Work request. With the images removed, transcribe the listing that follows exactly.

Supplied material.
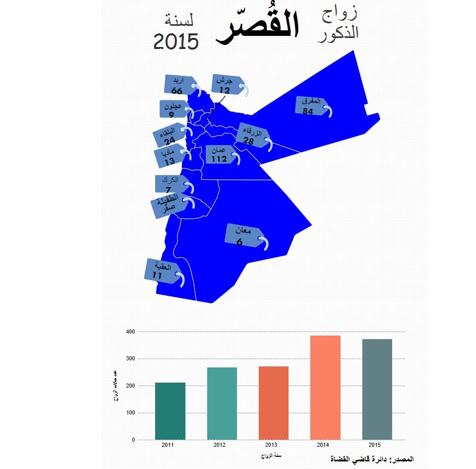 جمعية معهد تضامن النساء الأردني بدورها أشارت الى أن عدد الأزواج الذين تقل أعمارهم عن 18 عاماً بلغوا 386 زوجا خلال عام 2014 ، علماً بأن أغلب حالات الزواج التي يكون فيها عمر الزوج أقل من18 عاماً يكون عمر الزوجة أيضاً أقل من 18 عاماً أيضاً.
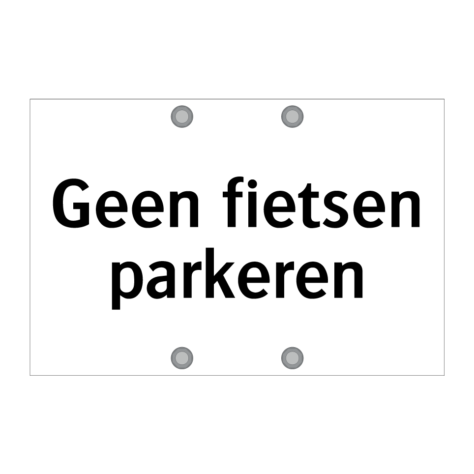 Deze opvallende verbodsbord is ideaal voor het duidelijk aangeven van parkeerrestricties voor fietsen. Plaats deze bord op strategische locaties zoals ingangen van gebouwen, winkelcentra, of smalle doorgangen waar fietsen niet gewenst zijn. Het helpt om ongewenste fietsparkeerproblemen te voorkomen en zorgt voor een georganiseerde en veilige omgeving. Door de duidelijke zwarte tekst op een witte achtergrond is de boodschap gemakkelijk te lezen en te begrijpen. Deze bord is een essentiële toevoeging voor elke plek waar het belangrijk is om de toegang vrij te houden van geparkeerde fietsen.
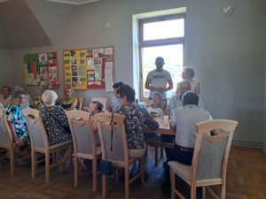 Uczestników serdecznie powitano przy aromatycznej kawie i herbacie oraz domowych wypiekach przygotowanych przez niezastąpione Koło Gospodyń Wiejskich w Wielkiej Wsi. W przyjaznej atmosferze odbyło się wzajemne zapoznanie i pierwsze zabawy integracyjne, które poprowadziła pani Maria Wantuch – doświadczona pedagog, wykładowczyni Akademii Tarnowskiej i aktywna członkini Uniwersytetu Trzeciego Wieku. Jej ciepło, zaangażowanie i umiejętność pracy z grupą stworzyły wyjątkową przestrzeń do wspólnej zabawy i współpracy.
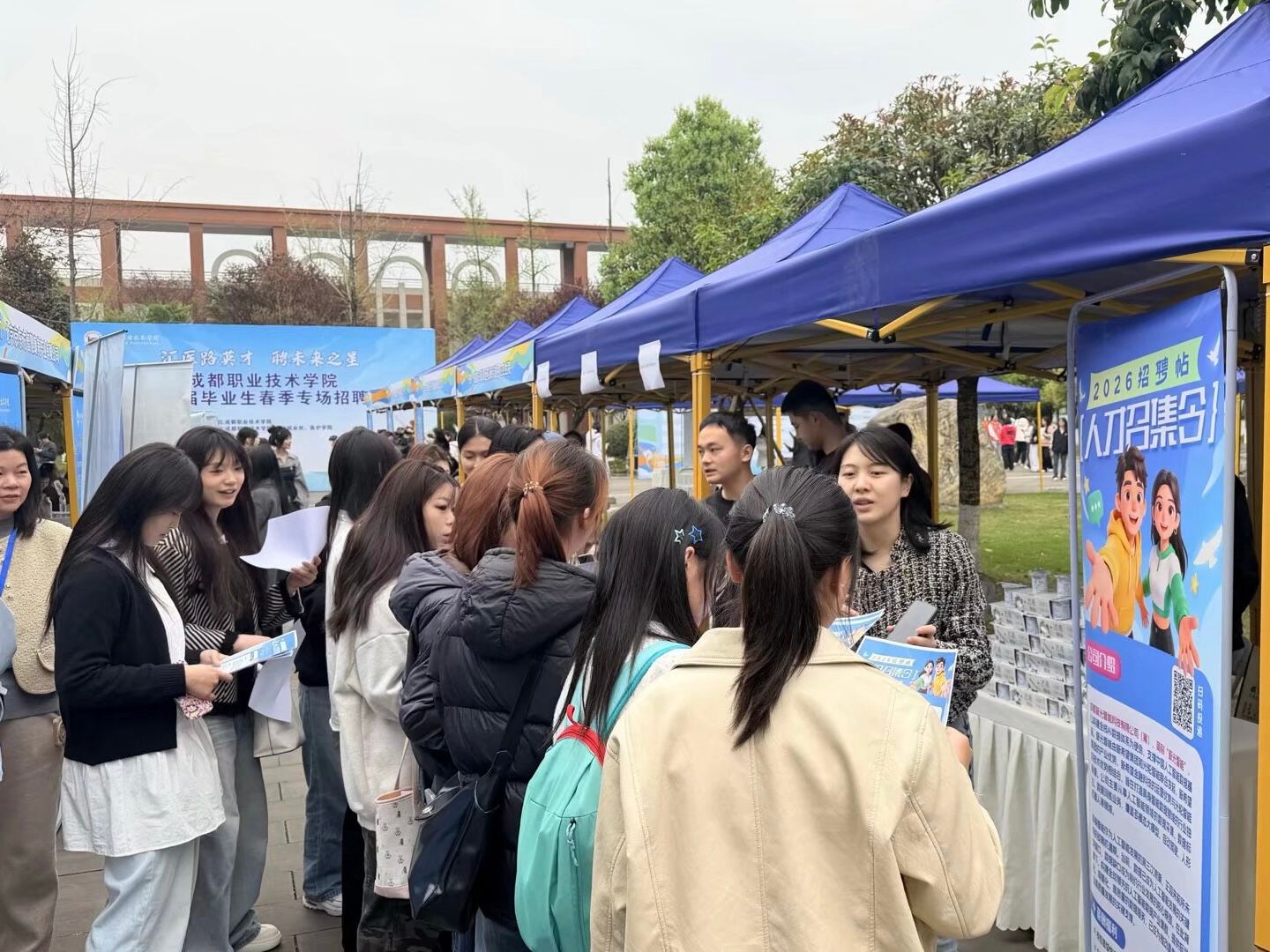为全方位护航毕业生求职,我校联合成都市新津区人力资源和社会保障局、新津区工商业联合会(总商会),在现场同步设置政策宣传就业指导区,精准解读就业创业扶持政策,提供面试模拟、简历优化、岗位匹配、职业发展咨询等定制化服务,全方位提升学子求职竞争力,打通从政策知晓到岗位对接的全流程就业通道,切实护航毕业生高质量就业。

Answer box.
 جمعية معهد تضامن النساء الأردني بدورها أشارت الى أن عدد الأزواج الذين تقل أعمارهم عن 18 عاماً بلغوا 386 زوجا خلال عام 2014 ، علماً بأن أغلب حالات الزواج التي يكون فيها عمر الزوج أقل من18 عاماً يكون عمر الزوجة أيضاً أقل من 18 عاماً أيضاً.
 Deze opvallende verbodsbord is ideaal voor het duidelijk aangeven van parkeerrestricties voor fietsen. Plaats deze bord op strategische locaties zoals ingangen van gebouwen, winkelcentra, of smalle doorgangen waar fietsen niet gewenst zijn. Het helpt om ongewenste fietsparkeerproblemen te voorkomen en zorgt voor een georganiseerde en veilige omgeving. Door de duidelijke zwarte tekst op een witte achtergrond is de boodschap gemakkelijk te lezen en te begrijpen. Deze bord is een essentiële toevoeging voor elke plek waar het belangrijk is om de toegang vrij te houden van geparkeerde fietsen.
 Uczestników serdecznie powitano przy aromatycznej kawie i herbacie oraz domowych wypiekach przygotowanych przez niezastąpione Koło Gospodyń Wiejskich w Wielkiej Wsi. W przyjaznej atmosferze odbyło się wzajemne zapoznanie i pierwsze zabawy integracyjne, które poprowadziła pani Maria Wantuch – doświadczona pedagog, wykładowczyni Akademii Tarnowskiej i aktywna członkini Uniwersytetu Trzeciego Wieku. Jej ciepło, zaangażowanie i umiejętność pracy z grupą stworzyły wyjątkową przestrzeń do wspólnej zabawy i współpracy.
为全方位护航毕业生求职,我校联合成都市新津区人力资源和社会保障局、新津区工商业联合会(总商会),在现场同步设置政策宣传就业指导区,精准解读就业创业扶持政策,提供面试模拟、简历优化、岗位匹配、职业发展咨询等定制化服务,全方位提升学子求职竞争力,打通从政策知晓到岗位对接的全流程就业通道,切实护航毕业生高质量就业。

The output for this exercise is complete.